---- Provided data

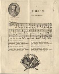 Keywords: Не пора Українські національні гімни Видавництво СВУ.jpg uk « е по а » з Ук аїнські національні гімни Видавництво «Союзу визволення Ук аїни» у Ф айштадському табо і 1916 1916 http //www tsdazu gov ua/files/online/20 20ri4nuca 20ykazu 20pro 20gimn/002 jpg Видавництво «Союзу визволення Ук аїни» у Ф айштадському табо і 1916 ЦДАЗУ ф 16 оп 1 сп 18 other versions PD-old Ivan Franko |
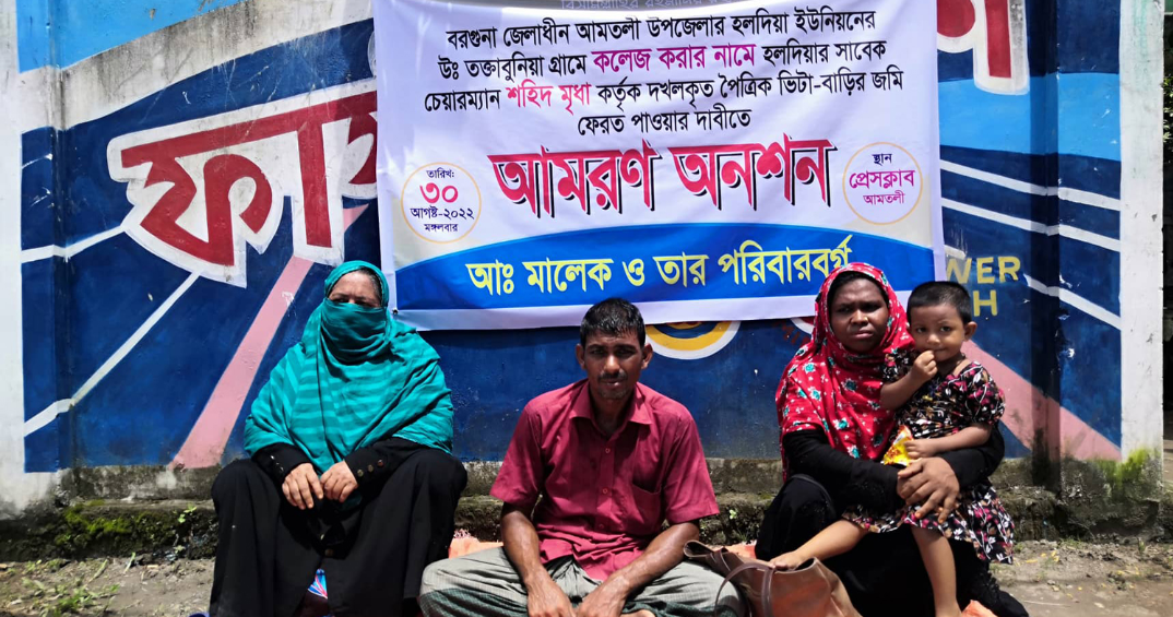 জানাগেছে, উপজেলা উত্তর তক্তাবুনিয়া গ্রামের আলী হোসেন বিশ্বাস ২০০২ সালে ৬০ শতাংশ জমি রেখে মারা যান। তার মৃত্যুতে স্ত্রী মাহিনুর বেগম ও তার ছেলে আব্দুল মালেক বিশ্বাস ওই সম্পত্তির মালিক হন। কিন্তু আব্দুল মালেক বিশ্বাস দীর্ঘদিন ধরে চট্রগ্রাম বসবাস করে আসছেন। ওই সুবাধে হলদিয়া ইউনিয়নের সাবেক চেয়ারম্যান মোঃ শহীদুল ইসলাম মৃধা জাল দলিল করে জোরপূর্বক তার পৈত্রিক ভিটেমাটি ও জমি দখল করে ২০১৯ সালে প্রধানমন্ত্রীর নামে কলেজ প্রতিষ্ঠা করেছেন এমন অভিযোগ ভুক্তভোগী মালেক বিশ্বাসের। ওই পৈত্রিক ভিটা ও জমি ফিরে পাওয়ার দাবীতে মঙ্গলবার আমতলী প্রেসক্লাবের সামনে আব্দুল মালেক বিশ্বাস ও তার মা মাহিনুর বেগম, স্ত্রী কল্পনা বেগম ও এক বছরের শিশু কন্যা ফাহিমাকে নিয়ে আমরণ অনশনে বসেছেন। চেয়ারম্যান শহীদুল ইসলাম মৃধার ভুয়া দলিল তৈরি করে দখলকৃত পৈত্রিক ভিটে মাটি ফিরে পেতে প্রধানমন্ত্রী শেখ হাসিনার সহযোগীতা কামনা করেছেন ওই পরিবার। আমরণ অনশনের দের ঘন্টা পরে দুপুর সাড়ে ১২ টার দিকে উপজেলা পরিষদ চেয়ারম্যান মোঃ মজিবুর রহমানের আশ্বাসে অনশন ভেঙ্গে ফেলা হয়।
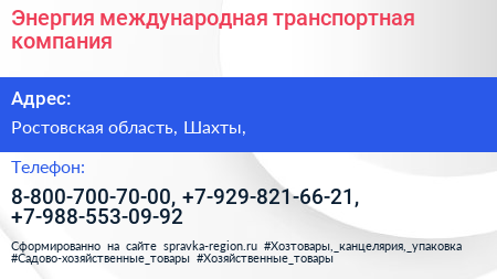 Энергия, международная транспортная компания по адресу Ростовская область, Шахты, в дальнейшем Организация, размещена в следующих категориях:
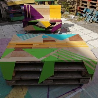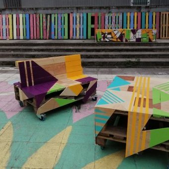 Création participative de mobiliers urbains pour le jardin du CSC Romain Rolland à Saint Denis, avec bois de récupération type palette.
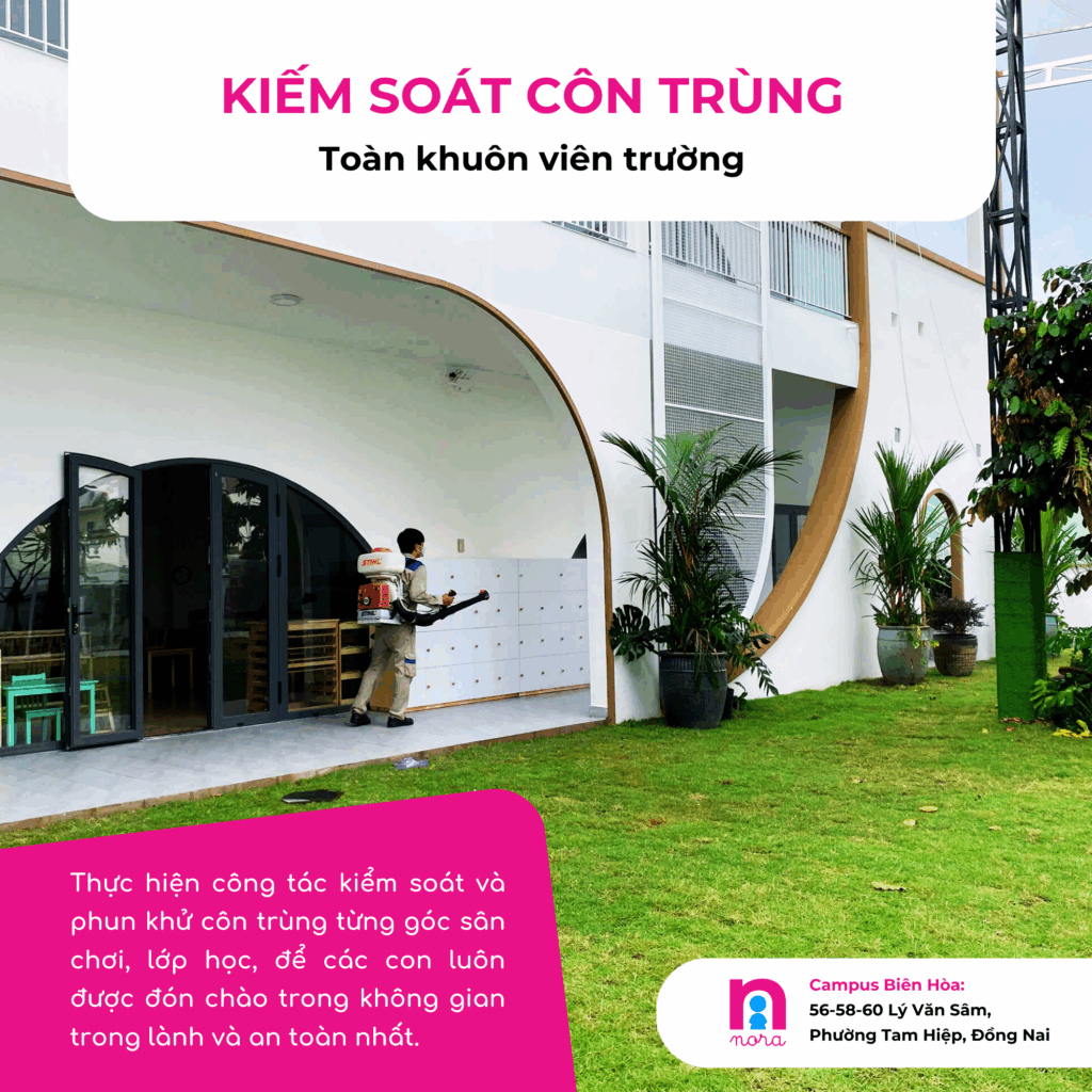 ❓Kỳ nghỉ lễ vừa rồi, ba mẹ và các con đã làm gì? Còn NORA Preschool Biên Hoà thì tranh thủ thời gian này để thực hiện công tác kiểm soát và phun khử côn trùng toàn khuôn viên trường đó nha!

--------

Task brief: From the line with "Création participative de" down to the final line of the entries above, repeat each line exactly; omit the pictures.

Expected output:
 Création participative de mobiliers urbains pour le jardin du CSC Romain Rolland à Saint Denis, avec bois de récupération type palette.
 ❓Kỳ nghỉ lễ vừa rồi, ba mẹ và các con đã làm gì? Còn NORA Preschool Biên Hoà thì tranh thủ thời gian này để thực hiện công tác kiểm soát và phun khử côn trùng toàn khuôn viên trường đó nha!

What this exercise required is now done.